Friedrich Engels, b. Nov. 28, 1820, d. Aug. 5, 1895, was a German socialist who collaborated with Karl MARX in developing the revolutionary social philosophy known as MARXISM. Engels was educated to follow in the footsteps of his father, a German textile manufacturer. In 1842 he went to Manchester, England, to serve as an apprentice in his father's factory there. By that time, however, he had already shed the fundamentalist Protestant faith of his youth and passed through Hegelianism to radicalism.

In Manchester, Engels combined business with journalism, writing on social topics for Robert OWEN's New Moral World and Karl Marx's Rheinische Zeitung. In 1845 he published The Condition of the Working Class in England, a searing criticism of social misery among the factory workers of the industrial cities.

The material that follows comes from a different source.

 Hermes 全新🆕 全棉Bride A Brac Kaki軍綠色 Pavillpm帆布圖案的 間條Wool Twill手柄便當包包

Engels and Marx met in 1844 in Paris, and found themselves in complete agreement on all basic social questions. A close relationship began that was to last until Marx's death 40 years later. Marx contributed his considerable analytical skills, while Engels supplied erudition, quick intelligence, and first-hand experience of the conditions of the British working class. Engels also helped support Marx's family. Their first joint work was The German Ideology, not published during their lifetimes, in which they criticized the ideas of nonrevolutionary German socialists. In 1848, Engels collaborated with Marx on the COMMUNIST MANIFESTO, a stirring call for revolution that summarized their views on history and the class struggle.

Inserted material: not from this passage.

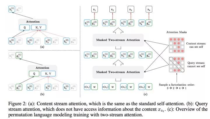 这里简单说下“双流自注意力机制”,一个是内容流自注意力,其实就是标准的Transformer的计算过程;主要是引入了Query流自注意力,这个是干嘛的呢?
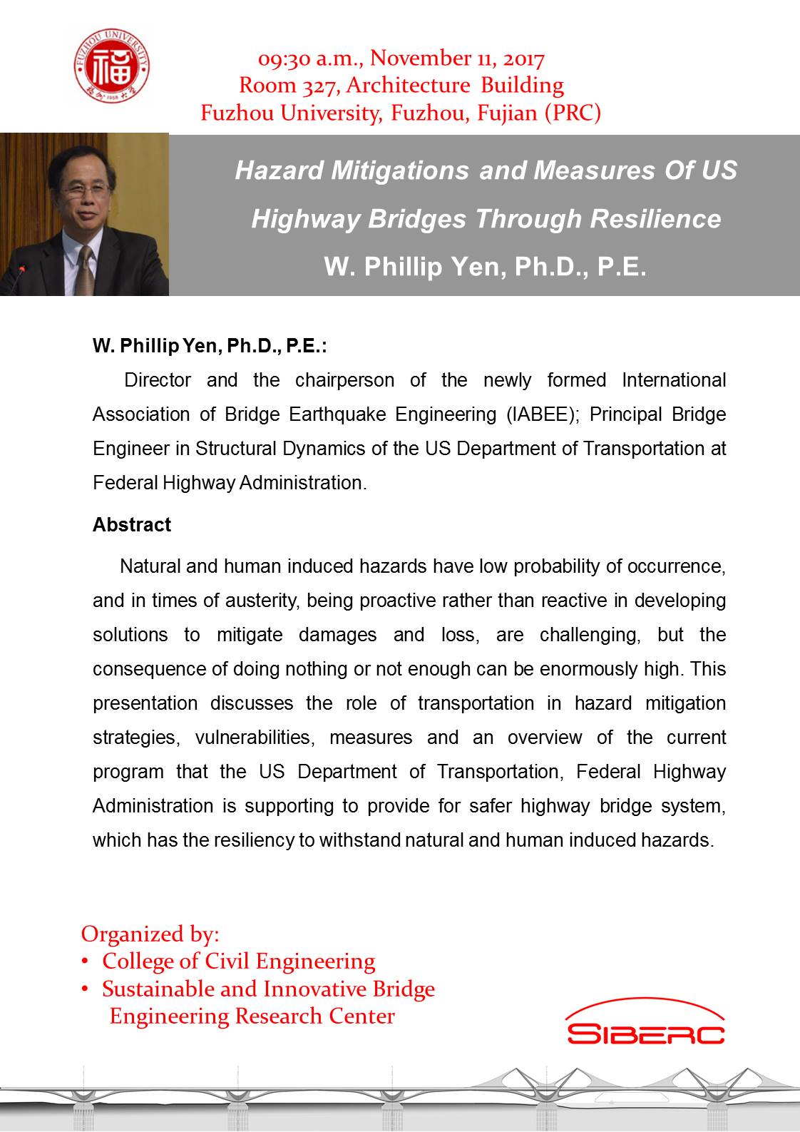 11月11日上午9:30,美国W.Phillip Yen, Ph.D.,P.E.将在建筑学院327室为大家带来主题为“Hazard Mitigations and Measures Of US Highway Bridges Through Resilience”的前沿报告。热烈欢迎大家参加。详情请见海报。

During the REVOLUTIONS OF 1848 in Germany, Engels helped Marx edit the liberal Neue Rheinische Zeitung. Returning to England after the failure of the revolutions, Engels resumed work in the Manchester factory and eventually became a partner in the firm. Meanwhile, he continued his literary and political activities, propagating both the Marxist view of society and the workers' movement. His most influential work was Herr Eugen Duhring's Revolution in Science (1873; trans., 1934), popularly known as Anti-Duhring. After Marx's death in 1883, Engels edited the complete second and third volumes of Marx's Das KAPITAL.